From policies to implementation: Capped, reduced and wiped out
While the final legislation still needs to be drafted, the direction of travel is clear: despite the ongoing war in Ukraine, European lawmakers are determined to cut emissions and lift the carbon price levels. Businesses ought to start preparing for these huge changes now.
The total number of emission allowances (i.e. the Cap) will be reduced to ~50% of the 2021 level by 2030. During the CBAM transitional period, the amount of available free allocations will be reduced to ~40% of the 2021 level by 2030 (See Figure 3 below).
European lawmakers also agree that the MSR will need new rules. The MSR was set up in 2019 to absorb the oversupply of EUA to support the carbon price and to smooth market fluctuations. Allowances could be transferred between the market and the MSR. In the new proposals, from 2023 onwards, the MSR will be limited to under 400 million EUAs through the invalidation mechanism.
These shared efforts will lead to the elimination of the TNAC surplus by 2025. From 2026 onwards ,each year’s emission allowances will cap EU emissions in that year, as there will be no additional EUA in the market to trade.
Industries will be burdened by a high carbon cost
Factoring in the ETS revision, CRU forecasts the EU carbon price to reach ~€120 /tCO₂ in 2025 and ~€150 /tCO2 by 2030 (Figure 4). Meanwhile, the CBAM levy will be increasingly charged at the carbon price level with reducing free allocation. It is clear that sectors, especially those under the CBAM, such as steel, aluminium and fertilizers, will face a huge increase in carbon costs in the future and, until the free allocation is removed completely, a cost disadvantage relative to importers.
As an example, European BOF steelmakers currently receive ~80% of their EUA requirements through free allowances. Taking the average BOF emission intensity of ~2.0 tCO2/t crude steel produced, and today’s carbon price of ~€83 /tCO2, each tonne of BOF steel needs to pay €33.5 /t crude steel, 7% of today’s BOF cost. By 2030, only around one third of emissions will be covered by free allowances, resulting in a carbon cost in the range of €192 to €222 /t crude steel, ~40% of today’s BOF cost. The details of how the proposed ETS revisions will affect the steel industry will be further discussed in an upcoming insight.

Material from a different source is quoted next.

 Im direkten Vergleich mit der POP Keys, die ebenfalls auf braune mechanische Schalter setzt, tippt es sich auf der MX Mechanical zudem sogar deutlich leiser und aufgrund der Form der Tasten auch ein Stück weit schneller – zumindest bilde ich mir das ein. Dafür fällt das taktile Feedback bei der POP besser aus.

There is no time to wait for decarbonisation
Businesses need to understand the ramifications of the upcoming legislation. European policymakers are determined to reduce carbon emissions over the coming decade despite the recent energy crisis and geopolitical uncertainties. Based on the original EC proposals, the European Parliament and the Council have agreed on their respective positions on the revised ETS and CBAM in line with the Paris Agreement. However, the final details of the legislation are still in the negotiation phase.

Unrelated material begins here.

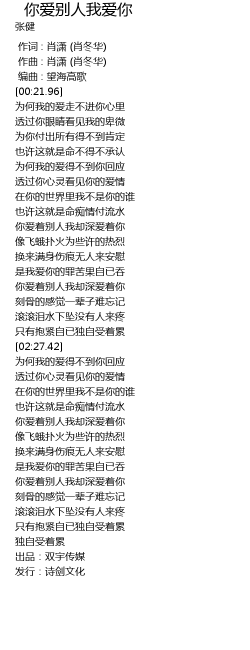 | [01:56.45] | 你爱着别人我却深爱着你 |

In many sectors, the cost of decarbonisation is already high. However, the cost of carbon compliance within the EU will soon be lifted higher, as carbon prices increase and free allocations fall, and it will be more broadly applicable as more sectors are included. In the meantime, CBAM will be introduced to limit international carbon leakage, but this is unlikely to be a panacea and higher carbon costs will likely render EU a less favourable choice in global trades. To mitigate these risks as much as possible, industries in the EU will need to seek the means for decarbonisation and accelerate the green transition to limit their exposure to ever higher carbon prices.